Exercise prompt: Leave the pictures behind and reproduce every line of the listing exactly.

Information provided:

•••

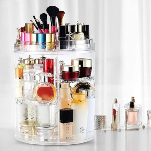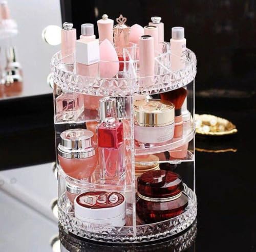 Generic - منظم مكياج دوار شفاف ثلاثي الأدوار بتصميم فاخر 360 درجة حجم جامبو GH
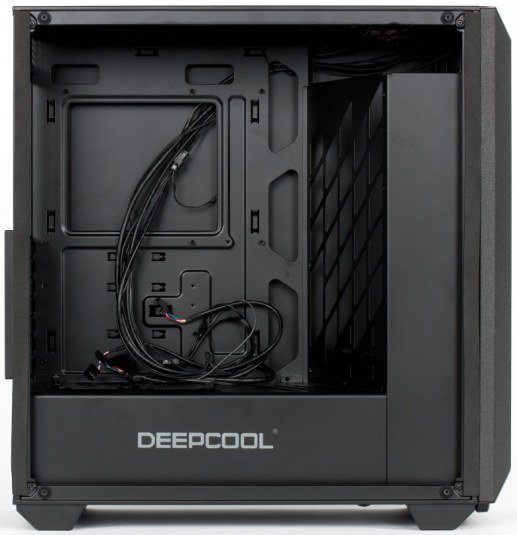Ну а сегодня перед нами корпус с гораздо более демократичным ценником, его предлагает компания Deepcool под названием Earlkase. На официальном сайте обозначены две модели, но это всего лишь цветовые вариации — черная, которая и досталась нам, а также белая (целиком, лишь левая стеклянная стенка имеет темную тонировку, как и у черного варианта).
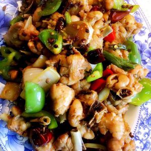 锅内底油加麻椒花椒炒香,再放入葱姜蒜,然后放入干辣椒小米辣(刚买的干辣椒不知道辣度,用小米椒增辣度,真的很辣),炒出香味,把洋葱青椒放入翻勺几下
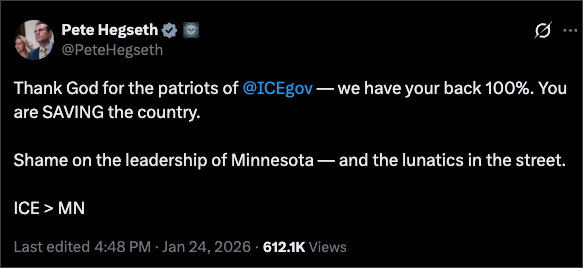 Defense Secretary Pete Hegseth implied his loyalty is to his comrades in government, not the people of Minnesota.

•••

Completed task:
 Generic - منظم مكياج دوار شفاف ثلاثي الأدوار بتصميم فاخر 360 درجة حجم جامبو GH
Ну а сегодня перед нами корпус с гораздо более демократичным ценником, его предлагает компания Deepcool под названием Earlkase. На официальном сайте обозначены две модели, но это всего лишь цветовые вариации — черная, которая и досталась нам, а также белая (целиком, лишь левая стеклянная стенка имеет темную тонировку, как и у черного варианта).
 锅内底油加麻椒花椒炒香,再放入葱姜蒜,然后放入干辣椒小米辣(刚买的干辣椒不知道辣度,用小米椒增辣度,真的很辣),炒出香味,把洋葱青椒放入翻勺几下
 Defense Secretary Pete Hegseth implied his loyalty is to his comrades in government, not the people of Minnesota.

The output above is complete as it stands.